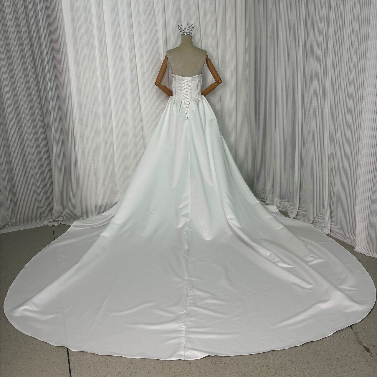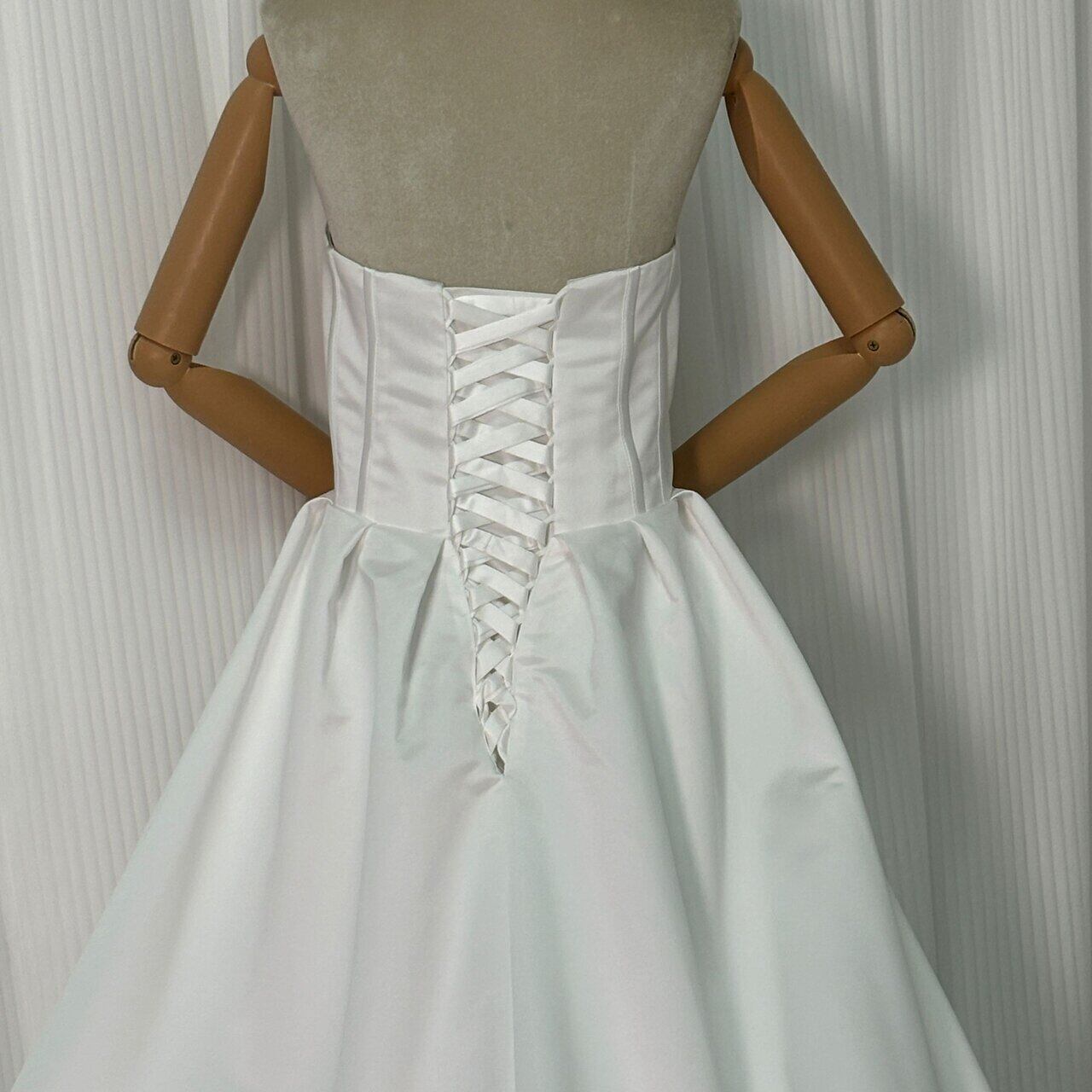 ウエディングドレス ベアトップ 光沢サテン ビスチェタイプ オフホワイト 色直し 結婚式 ロングトレーン
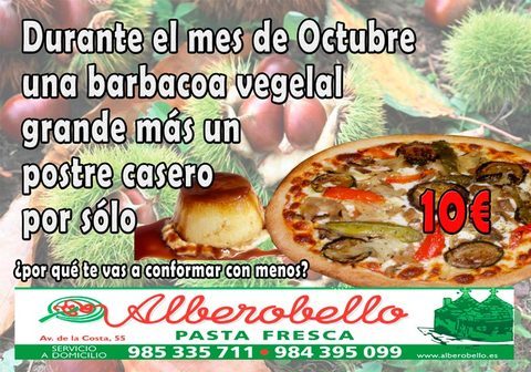 Una pizza barbacoa vegetal grande más un postre casero por sólo 10€
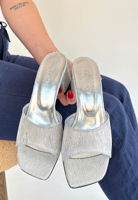 Luart Gümüş Simli Topuklu Terlik - 265356
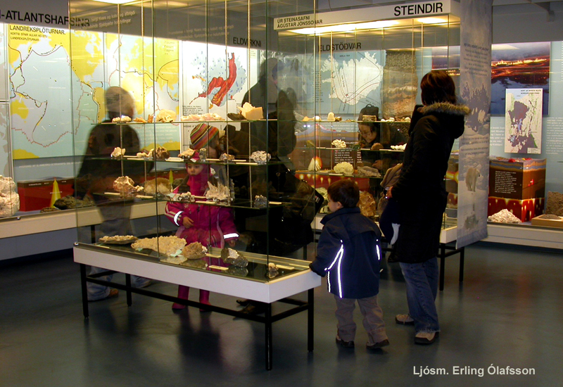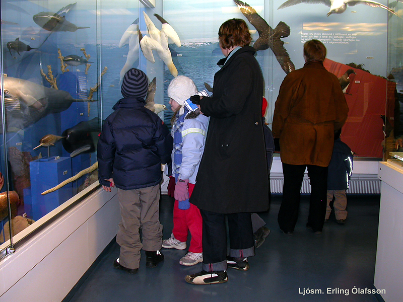 | Það var einkum fjölskyldufólk með börn sem heimsótti sýningarsali NÍ við Hlemm. Hér má sjá gesti virða steinasýninguna fyrir sér.Ljósm. Erling Ólafsson. | Líkön af hvölum og náhvalstönn vöktu einnig athygli krakkanna.Ljósm. Erling Ólafsson. |
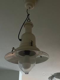 Ispirato alle lampade industriali e navali d’epoca, unisce metallo verniciato e diffusore in vetro trasparente in una forma solida, pulita e senza tempo.
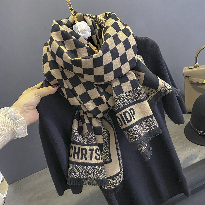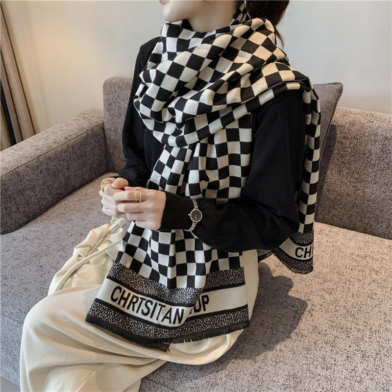 2023 새로운 사이버 연예인 바둑판 스카프 여성용 가을과 겨울 한국식 캐시미어 이중 목적 숄 두꺼운 따뜻한 목스토어 가기
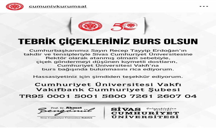 Sivas Cumhuriyet Üniversitesi rektörlüğüne atanan Prof. Dr. Ahmet Şengönül, çiçek ve çelenk tebrikleri yerine burs bağışı yapılması ricasında bulundu.
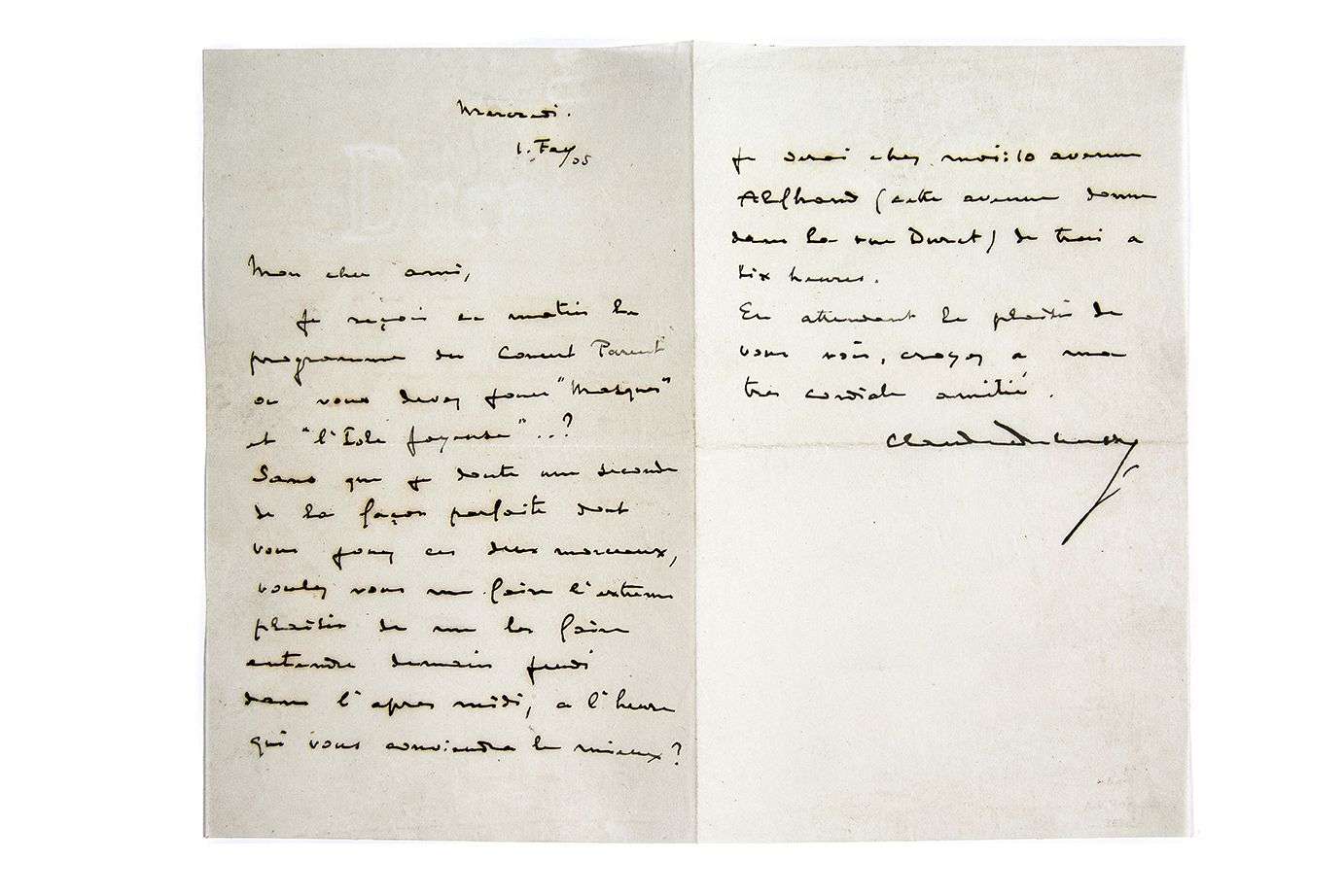 Masques et l'Isle Joyeuse ? Sans que je doute une seconde de la façon parfaite dont vous jouez ces deux morceaux, voulez-vous me faire l'extrême plaisir de me les faire entendre demain jeudi dans l'après-midi, à l'heure qui vous conviendra le mieux ? Je serai chez moi : 10 avenue Alphand (cette avenue donne dans la rue Duret) de trois à six heures »...
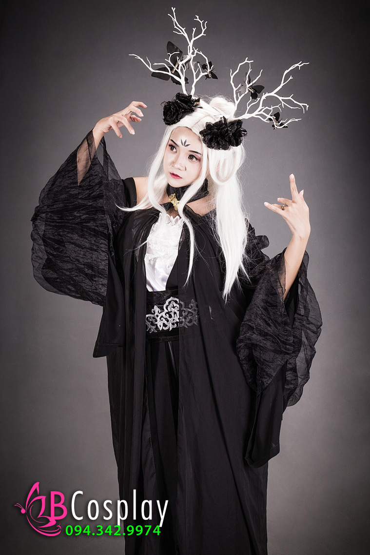 yếm ren trắng + áo voan nhung đen + voan kính đen + váy + khoác nữ thần + đai + sừng
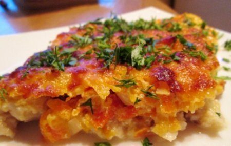 Форму для запекания смазываем растительным маслом, выкладываем рыбу, солим, перчим.
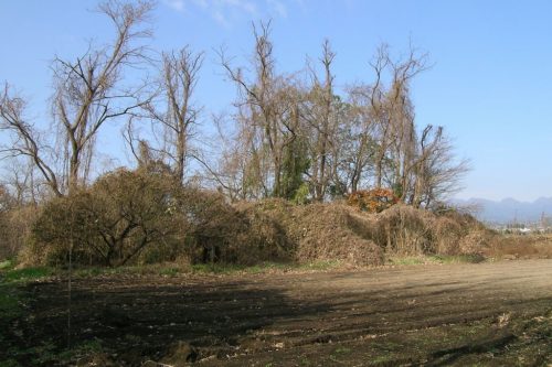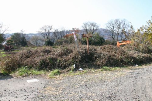 1号墳を北から。古墳名を記した標柱が建てられているが無ければ古墳とわからない。群馬県古墳総覧の的場B号墳に相当。
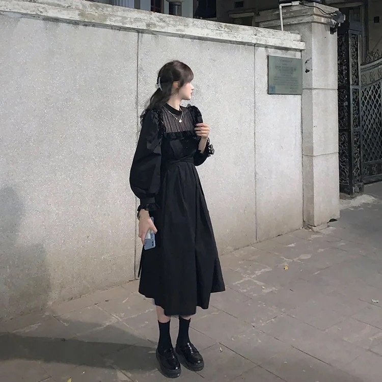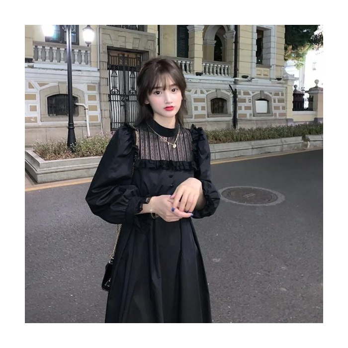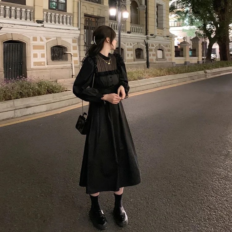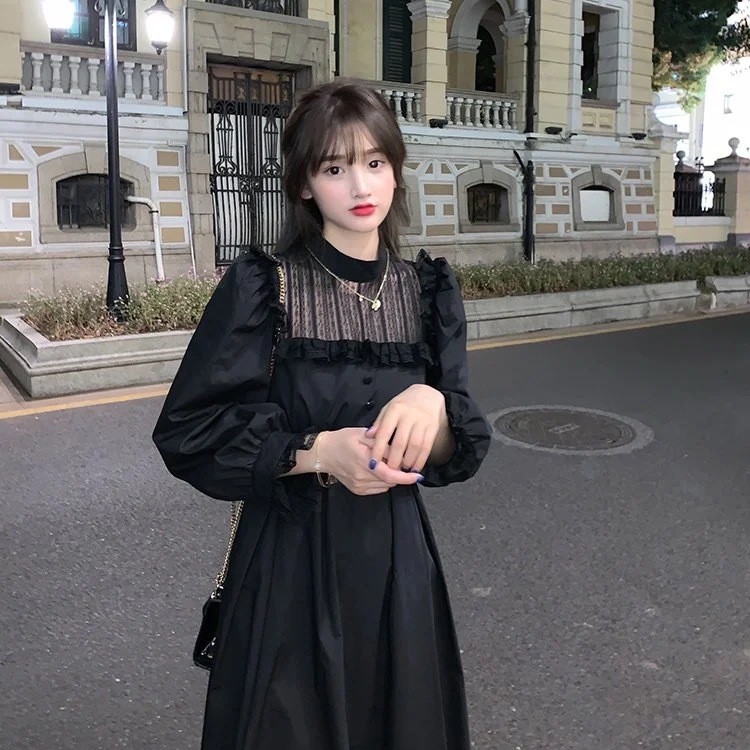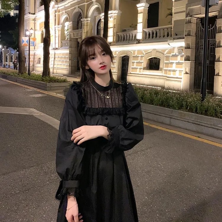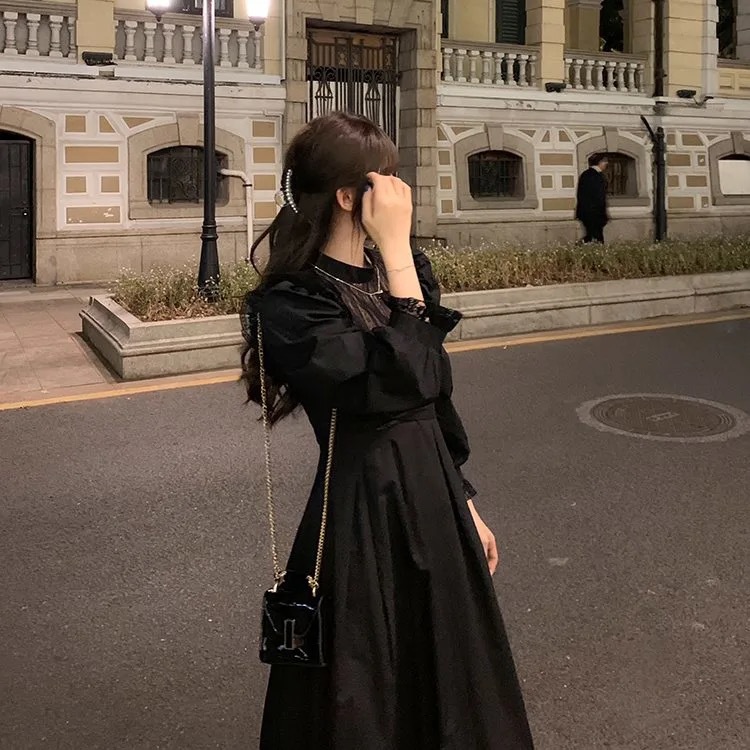 여성복 2025 겨울 신상 한국 스타일 랜턴 슬리브 레이스 스플라이싱 긴팔 원피스 슬림핏 우아한 인기 원피스스토어 가기

— PROMPT —
Exact reproduction of the entries above is required, with pictures excluded.

— SOLUTION FOR THIS EXERCISE —
 ウエディングドレス ベアトップ 光沢サテン ビスチェタイプ オフホワイト 色直し 結婚式 ロングトレーン
 Una pizza barbacoa vegetal grande más un postre casero por sólo 10€
 Luart Gümüş Simli Topuklu Terlik - 265356
 | Það var einkum fjölskyldufólk með börn sem heimsótti sýningarsali NÍ við Hlemm. Hér má sjá gesti virða steinasýninguna fyrir sér.Ljósm. Erling Ólafsson. | Líkön af hvölum og náhvalstönn vöktu einnig athygli krakkanna.Ljósm. Erling Ólafsson. |
 Ispirato alle lampade industriali e navali d’epoca, unisce metallo verniciato e diffusore in vetro trasparente in una forma solida, pulita e senza tempo.
 2023 새로운 사이버 연예인 바둑판 스카프 여성용 가을과 겨울 한국식 캐시미어 이중 목적 숄 두꺼운 따뜻한 목스토어 가기
 Sivas Cumhuriyet Üniversitesi rektörlüğüne atanan Prof. Dr. Ahmet Şengönül, çiçek ve çelenk tebrikleri yerine burs bağışı yapılması ricasında bulundu.
 Masques et l'Isle Joyeuse ? Sans que je doute une seconde de la façon parfaite dont vous jouez ces deux morceaux, voulez-vous me faire l'extrême plaisir de me les faire entendre demain jeudi dans l'après-midi, à l'heure qui vous conviendra le mieux ? Je serai chez moi : 10 avenue Alphand (cette avenue donne dans la rue Duret) de trois à six heures »...
 yếm ren trắng + áo voan nhung đen + voan kính đen + váy + khoác nữ thần + đai + sừng
 Форму для запекания смазываем растительным маслом, выкладываем рыбу, солим, перчим.
 1号墳を北から。古墳名を記した標柱が建てられているが無ければ古墳とわからない。群馬県古墳総覧の的場B号墳に相当。
 여성복 2025 겨울 신상 한국 스타일 랜턴 슬리브 레이스 스플라이싱 긴팔 원피스 슬림핏 우아한 인기 원피스스토어 가기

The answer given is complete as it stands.